Сейчас, через много лет, мне трудно воспроизвести по памяти хотя бы один из его опусов. Помню только что-то, где по ярко-зеленому лугу бежали красные кентавры, как бы написанные Матиссом, и молнии ложились на темном горизонте, и это была вечная весна или нечто подобное… {439} Можете себе представить, каких трудов стоило устроить его на работу в Москве. {440} О печатании его произведений, конечно, не могло быть и речи. Пришлось порядочно повозиться, прежде чем мне не пришла на первый взгляд безумная идея повести его наниматься в «Гудок».
438
Ср. с впечатлениями Ю. Олеши: «Он прочел стихи. Стихи были странные. Рифм не было, не было размера. Стихотворение в прозе? Нет, это было более энергично и организованно. Я не помню его содержания, но помню, что оно состояло из мотивов города».[522] Оригинальность поэзии Ильфа отмечал и Л. Славин: «Высоким голосом Ильф читал действительно необычные вещи, ни поэзию, ни прозу, но и то и другое, где мешались лиризм и ирония, ошеломительные раблезианские образы и словотворческие ходы, напоминавшие Лескова».[523]
439
Согласно свидетельству А. И. Ильф (устное сообщение), ст-ние, которое припоминает К. не сохранилось. Е. Б. Окс по памяти приводит такой фрагмент одной из поэм И. Ильфа:
На Вандименовой земле,Что в самом низу географической карты.Бидеино сердце познало любовь.И вот души Биде стропилаТрещат под тяжестью любви…Комнату своей жизни он оклеил мыслями о ней,С солнца последние пятна очистил…[524]440
И. Ильф приехал в Москву в 1923 г. Сначала он поселился у К., а затем ему дали комнату при типографии «Гудка», где он жил вместе с Ю. Олешей.
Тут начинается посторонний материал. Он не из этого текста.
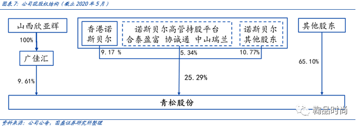 公司从2016年9月起股权变动频繁,目前无实控人,诺斯贝尔及其高管持股平台(合富盈泰、协诚通、中山瑞兰)合计持有青松股份14.52%股权,诺斯贝尔原股东合计持股25.29%。
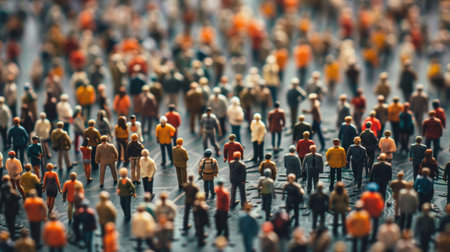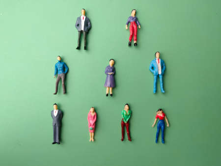 Colorful diverse miniature people figurines make crowd on ground

Ср. в воспоминаниях С. Г. Гехта об Ильфе: «Сперва он жил в Мыльниковом переулке, на Чистых прудах, у Валентина Катаева. Спал на полу, подстилая газету… Летом двадцать четвертого года редакция „Гудка“ разрешила Ильфу и Олеше поселиться в углу печатного отделения типографии, за ротационной машиной».[525]